== Segment start ==

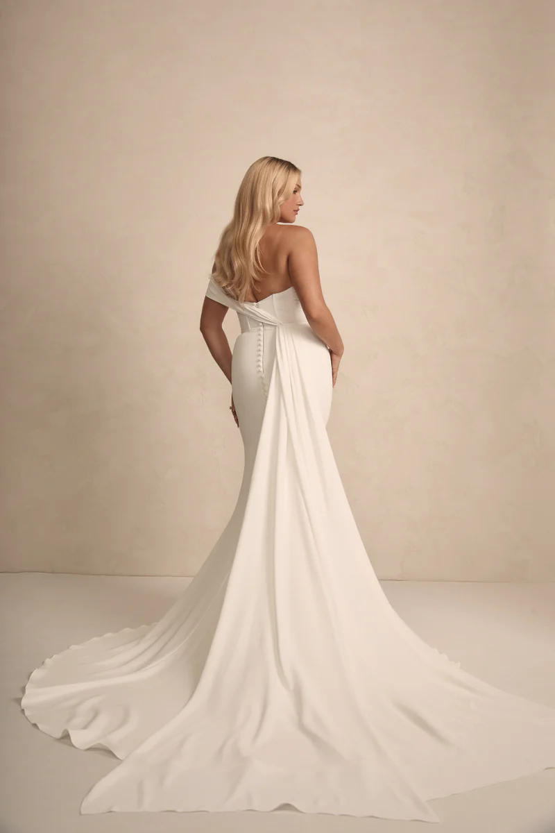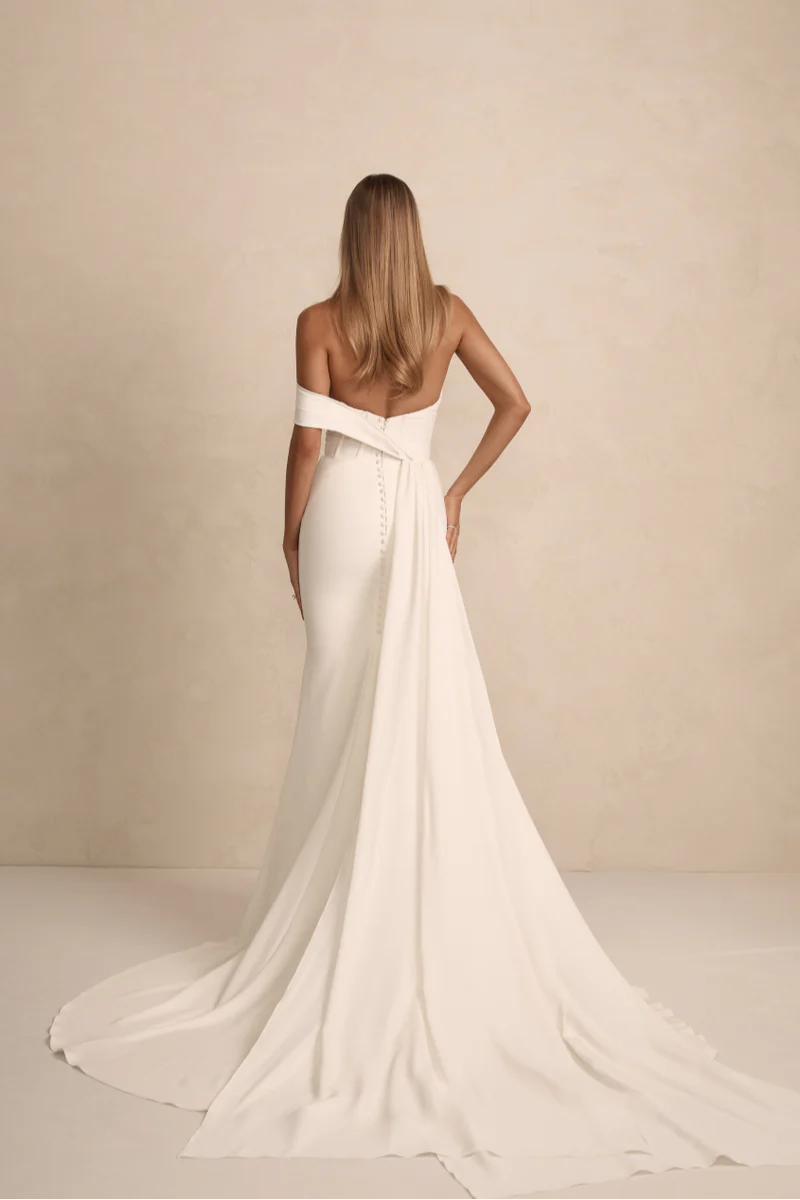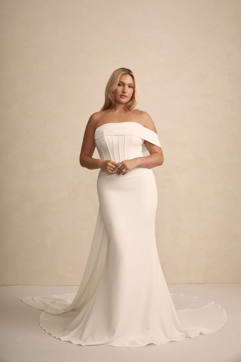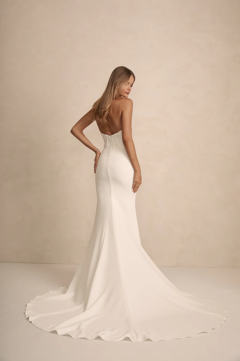 Rhode’s striking bodice features a peaked design at the bust with statement exposed boning, sculpting your silhouette with an alluring yet refined edge. Soft French crepe draping cascades gracefully from the waist to the hips, creating a flattering silhouette that moves beautifully with every step, keeping you comfortable and confident.
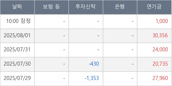 ※ 사모펀드 등 일부 기관의 순매매량은 표시되지 않음
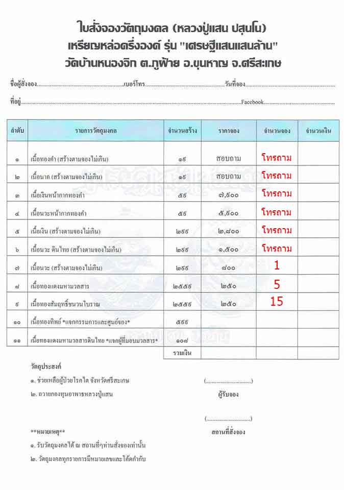 ผู้ที่สั่งจองแล้วกรุณาชำระเงินภายในเวลา 1 วัน
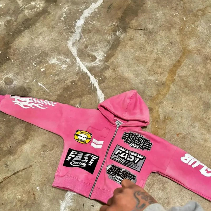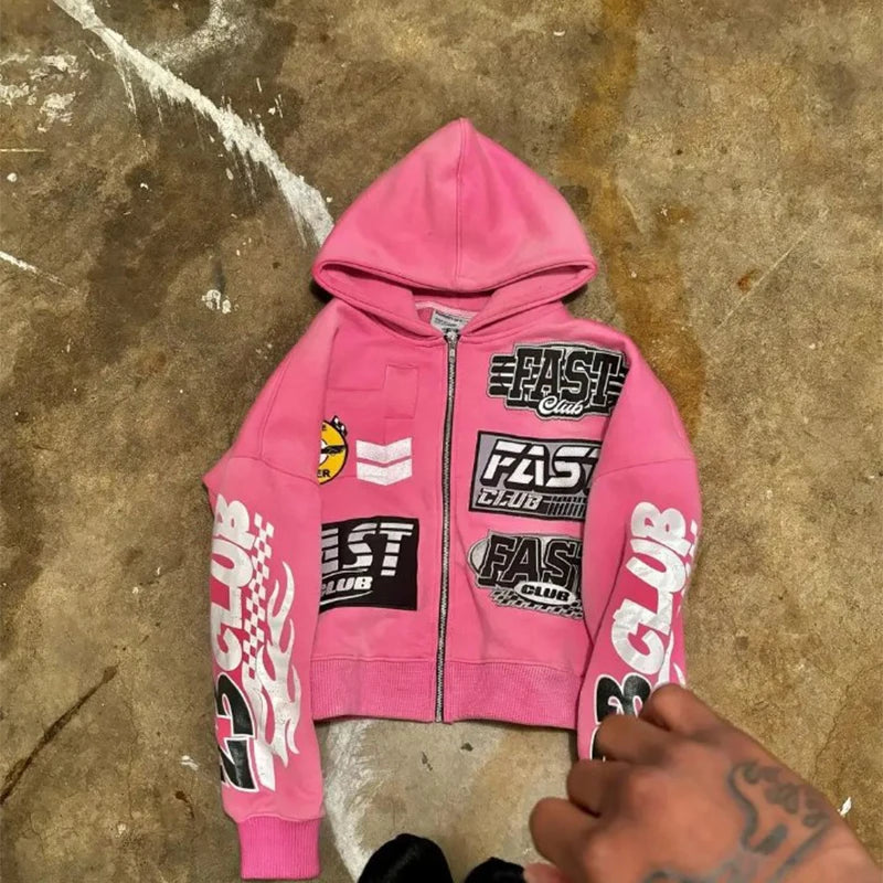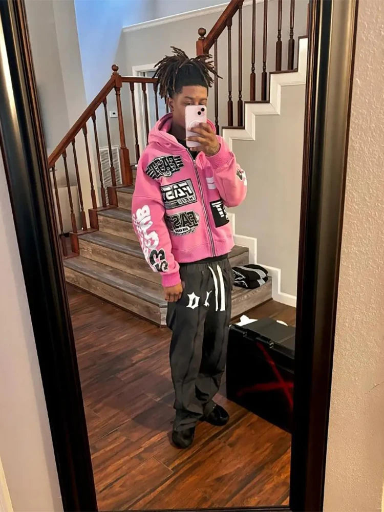 This oversized hoodie features an aesthetic Y2K graphic print with a casual streetwear feel. Designed with a zip-up hooded style and long sleeves, it offers a relaxed look that works well for autumn outfits, daily wear, or laid-back street fashion for both men and women.
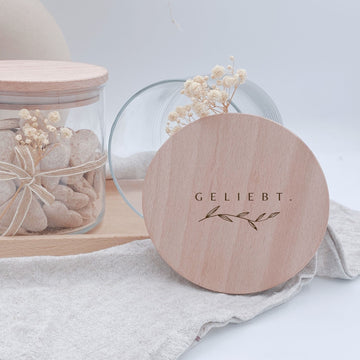 Unser hochwertiges Glas mit spülmaschinenfester Qualität und einem massiven Holzdeckel aus warmer Buche bringt nicht nur Ordnung in den Alltag, sondern auch geistliche Tiefe. Die feine Gravur "geliebt" macht es zu einem besonderen Geschenk voller Ermutigung, Liebe und Segen - ideal zur Hochzeit, Taufe oder als liebevolle Aufmerksamkeit für Menschen, die einem am Herzen liegen.
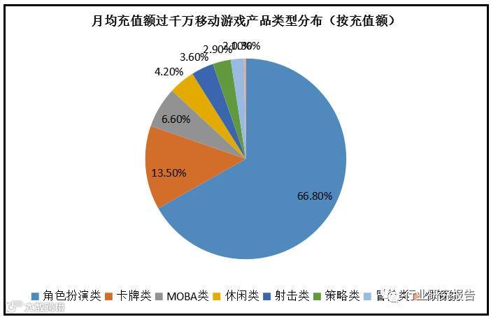 再来考察一下月均充值超过千万的移动游戏产品类型,占比最多的是角色扮演类,比例为66.8%,排名第二位的是卡牌类游戏,占比13.5%,排名第三的是MOBA类移动游戏,占比6.6%,合计占比86.9%。
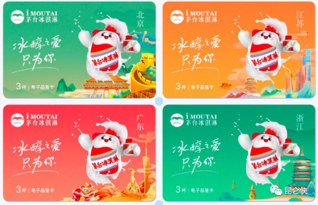 4、今年8月,中秋节前茅台推出冰淇淋品鉴卡,国庆节前又推出限量版的电子品鉴卡,可以直接转发给朋友,非常方便。这些卡都可以作为礼品卡来运营的,送长辈茅台酒,送年轻人冰淇淋卡。可以说茅台在送礼这件事上是非常专业的。

== Segment end ==

▸ **How to complete this task**: An exact copy of the records above is needed, free of pictures.

▸ **Reply**:
 Rhode’s striking bodice features a peaked design at the bust with statement exposed boning, sculpting your silhouette with an alluring yet refined edge. Soft French crepe draping cascades gracefully from the waist to the hips, creating a flattering silhouette that moves beautifully with every step, keeping you comfortable and confident.
 ※ 사모펀드 등 일부 기관의 순매매량은 표시되지 않음
 ผู้ที่สั่งจองแล้วกรุณาชำระเงินภายในเวลา 1 วัน
 This oversized hoodie features an aesthetic Y2K graphic print with a casual streetwear feel. Designed with a zip-up hooded style and long sleeves, it offers a relaxed look that works well for autumn outfits, daily wear, or laid-back street fashion for both men and women.
 Unser hochwertiges Glas mit spülmaschinenfester Qualität und einem massiven Holzdeckel aus warmer Buche bringt nicht nur Ordnung in den Alltag, sondern auch geistliche Tiefe. Die feine Gravur "geliebt" macht es zu einem besonderen Geschenk voller Ermutigung, Liebe und Segen - ideal zur Hochzeit, Taufe oder als liebevolle Aufmerksamkeit für Menschen, die einem am Herzen liegen.
 再来考察一下月均充值超过千万的移动游戏产品类型,占比最多的是角色扮演类,比例为66.8%,排名第二位的是卡牌类游戏,占比13.5%,排名第三的是MOBA类移动游戏,占比6.6%,合计占比86.9%。
 4、今年8月,中秋节前茅台推出冰淇淋品鉴卡,国庆节前又推出限量版的电子品鉴卡,可以直接转发给朋友,非常方便。这些卡都可以作为礼品卡来运营的,送长辈茅台酒,送年轻人冰淇淋卡。可以说茅台在送礼这件事上是非常专业的。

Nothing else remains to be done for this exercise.